Golf
First turn? PGA viewership is down. LIV event in Australia sold out in a day
While LIV Golf is making plans for the 2023 season, the PGA Tour has already played its new year a few weeks ago. Last week saw the traditional Houston Open, which was dominated by American Tony Finau with a total score of -16. In the background, however, the struggle to watch golf on TV is resigned, where the PGA is experiencing its first significant slump.
While LIV Golf is making plans for the 2023 season, the PGA Tour has already played its new year a few weeks ago. Last week saw the traditional Houston Open, which was dominated by American Tony Finau with a total score of -16. In the background, however, the struggle to watch golf on TV is resigned, where the PGA is experiencing its first significant slump.
Back in October, the portal First Sportz published that the viewership of the traditional PGA Tour is on a downward trend. Currently, the PGA does not even feature in the top 150 shows in the US, which has not been the case in recent years.
Now, the verified Twitter account LIV Golf Insider has weighed in on the interest issue, coming up with some surprising numbers from last week’s Houston Open. According to him, the tournament’s viewership dropped by as much as 40 percent compared to last year.
The average viewership in 2021 was somewhere around 222,000, but this year it’s only 133,000. The answer to this issue is supposedly to be found in the exodus of players from the PGA circuit who have decided to move their careers to an innovative venture called LIV Golf.
Names like Scottie Scheffler, Hideki Matsuyama, Justin Rose, and Jason Day have all appeared at the Houston Open. However, there were a number of players who relocated to LIV during the year. These include four golfers (Carlos Ortiz, Dustin Johnson, Talor Gooch and Brooks Koepka) who finished in the Top 5 in Houston last year.
A PGA fan will surely lean on the bald fact that this is still many times the number that one of the LIV tournaments had in the inaugural 2022 edition. LIV fans, on the other hand, will respond that the LIV events were not officially televised by any major U.S. television station, as is the case with the PGA, which will affect viewership quite substantially. Both sides will probably be right about something.
However, the outlook for the 2023 season is already a little more favorable for the LIV. It believes that just signing with a lucrative broadcaster will have a salutary effect on its viewership.

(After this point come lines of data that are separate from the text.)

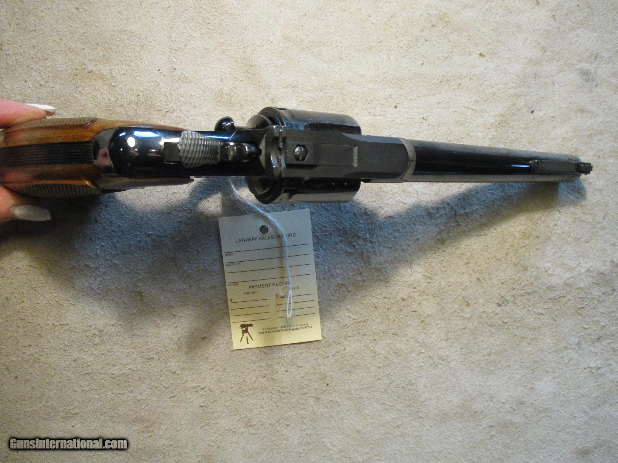 Description: Colt Officers Model Match, 22LR, 6" blue, 6 round., Clean gun, just the barrel needs reblued. SN is 886xx. Factory finish on metal and wood grips. We will trade for silver and gold. We accept personal check, any certified funds, Venmo or Zelle. We can also take your credit card, +3%. has now started collecting tax for states that mandate it, if applicable they will add it to your total. Email me if you would like these pictures sent to you, they will come through bigger and better than on the listing page here. We do offer Layaway. Our standard terms are 25% down, 90 days. Initial deposit is not refundable. Email me with any questions. Please check your local laws to confirm it is legal to own in your state! Buyer pays $25 shipping and insurance to your FFL in the lower 48. AK, HI or PR is extra. I will ship to California, NO PROBLEM! All my guns come with a non-firing, 3 day unconditional return privilege, from the day UPS delivers to your dealer. Buyer pays shipping both ways if the gun comes back. We can add a new hard case by PLANO for secure shipping for $30 if the buyer wishes (highly recommended, cheap insurance, really helps keep the UPS monster from eating my guns!). I am a licensed FFL, and will include a copy of my FFL with the gun for your dealer’s records. I will ship to a C&R if the gun is eligible. I will ship to California, but you need to confirm the gun is legal where you are, California or other. WE BUY AND CONSIGN GUNS AND GUN COLLECTIONS! We will travel to pick up collections! I am always looking for good clean, old original Winchesters to buy, consign, or trade, especially Pre '64's model 70's and model 54's. WE ALSO TRADE FOR CLASSIC CARS AND TRUCKS! We also trade for gold and silver. SOLD Handgun Caliber: .22 Long Rifle Manufacturer: Colt Model: Officer Model Match Barrel Length: 6 Condition: Used |
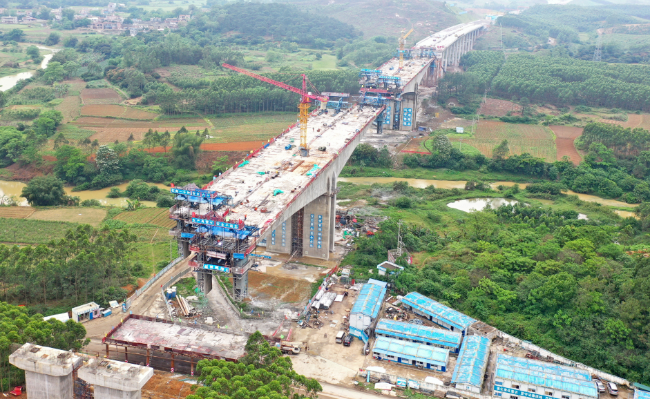▲4月18日,大塘至浦北高速公路平陆运河特大桥施工现场一派忙碌,大桥主体轮廓已经呈现。该高速公路是自治区统筹推进的重大交通基础设施建设项目,建成后将与南宁至北海等高速公路连接,成为通往广东的又一条便捷通道。广西日报记者 何学俏 通讯员 卜业夏 摄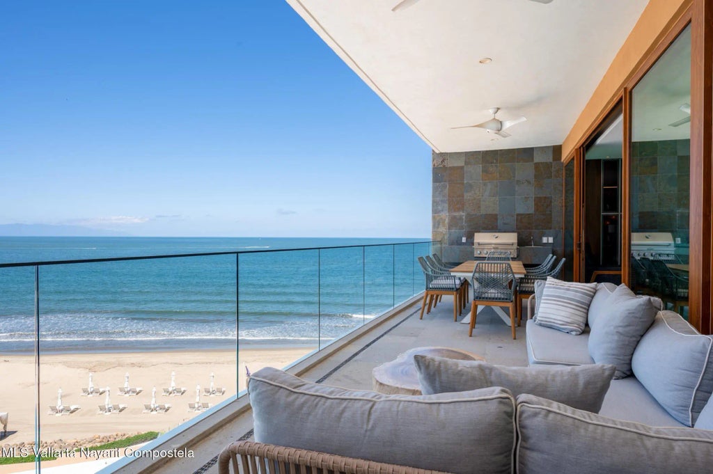 LUMA, the most exclusive beachfront community in Nuevo Vallarta. Located on the 4th floor, Tower 5, it offers spectacular 180º views of the bay, 365 sunsets, beautiful sunrises, views of La Cruz, Marietas, Puerto Vallarta and the beautiful mountains, in season you can see some whales from the terrace. It has 2.90 m heigh ceilings, large terraces, generous spaces in all areas and bedrooms, elegant Parota carpentry. Master bedroom enjoy beautiful ocean views. Luma offers first-class amenities, more than 110 m of beach, 2 beachfront decks, concierge, children's area, mini golf, paddle court, bistro, ocean view gym, spa, 24-hour security, elevators, garden, 2,000 m2 heated infinity pool and the privileges of the social membership at El Tigre Sports & Golf Course. Have your family enjoy in a respectful and safe environment, surrounded by likeminded families.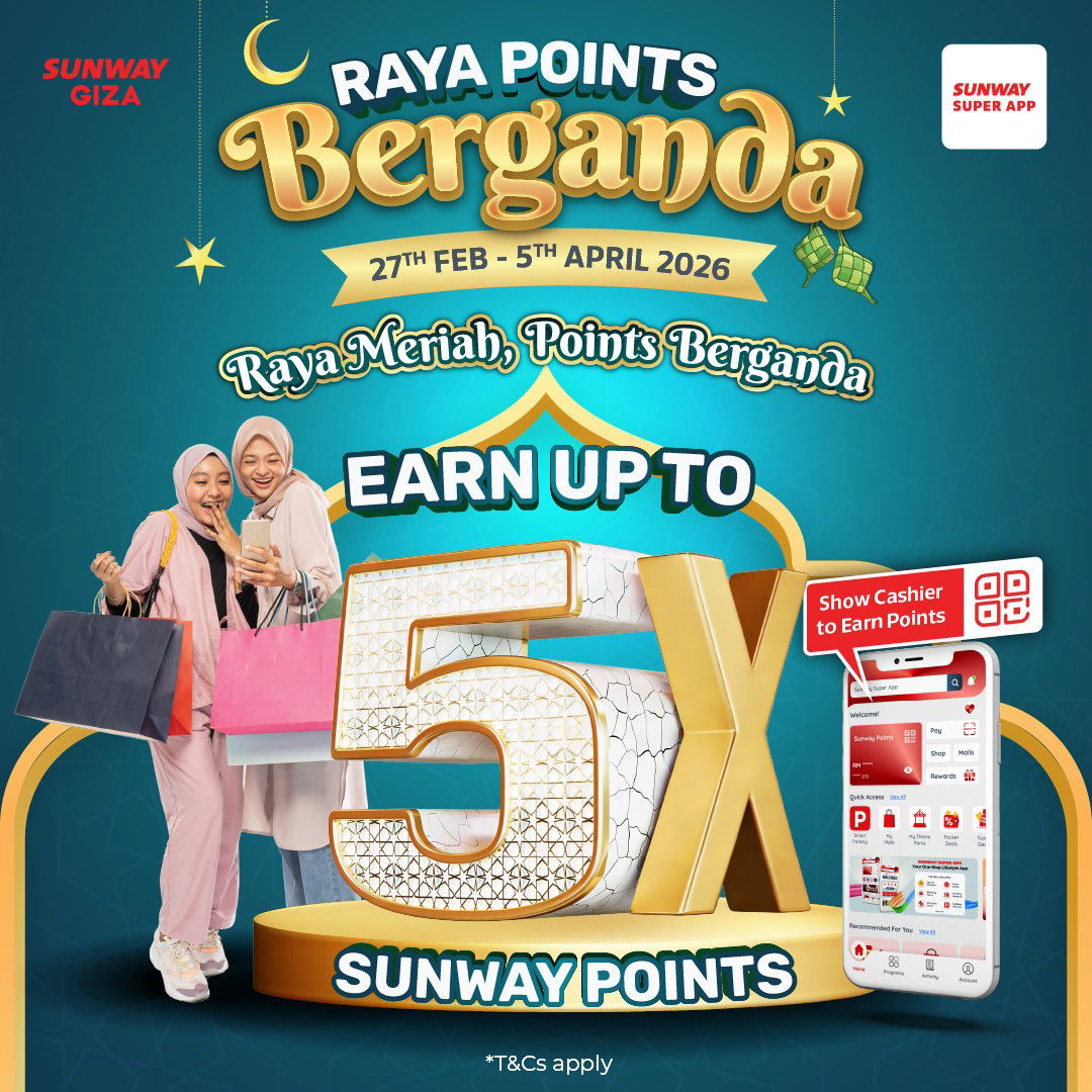 EARN UP TO 5X SUNWAY POINTS at Sunway Giza Mall this Hari Raya from 27 February to 5 April 2026!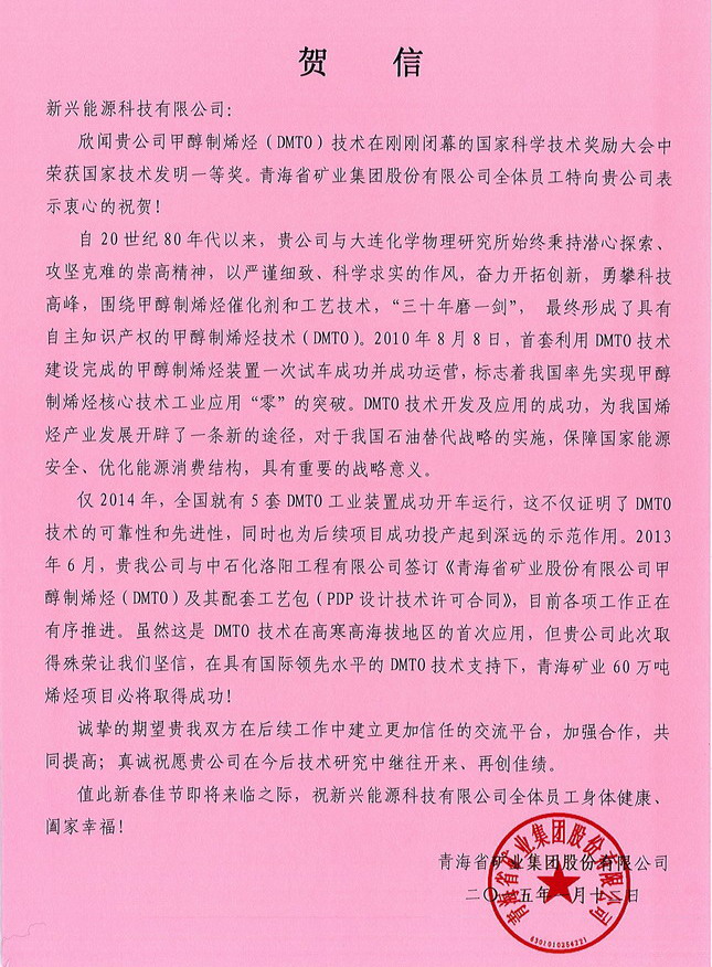 青海矿业向新兴公司发来贺信,祝贺DMTO喜获国家技术发明一等奖

However, before the two organisations engage in a direct battle for golf viewership in the US, the LIV refers to the interest in their product in the rest of the world, which is also important to them. This can be seen in the internationally diverse starting field.
LIV Golf also has a handful of players from Australia in its ranks, led by the biggest personality Cameron Smith, who gave the PGA the boot after the end of the last PGA season to be on the LIV side in just two weeks.
One of the LIV’s tournaments will be in Australia in April. While the battle for every spectator will be building up on the US soil, the event in Adelaide, Australia, is enjoying an extremely high level of interest. According to unofficial sources, fans were able to sell out the tournament in less than one day.
However, this may not be true as many people claim that tickets are still available and also that nowhere has the capacity of tickets available been released.
However, the official LIV account has confirmed the high demand for tickets, subsequently adding more tickets for all three days. This, too, illustrates the fact that there is a war going on between the PGA and the LIV even in the media world.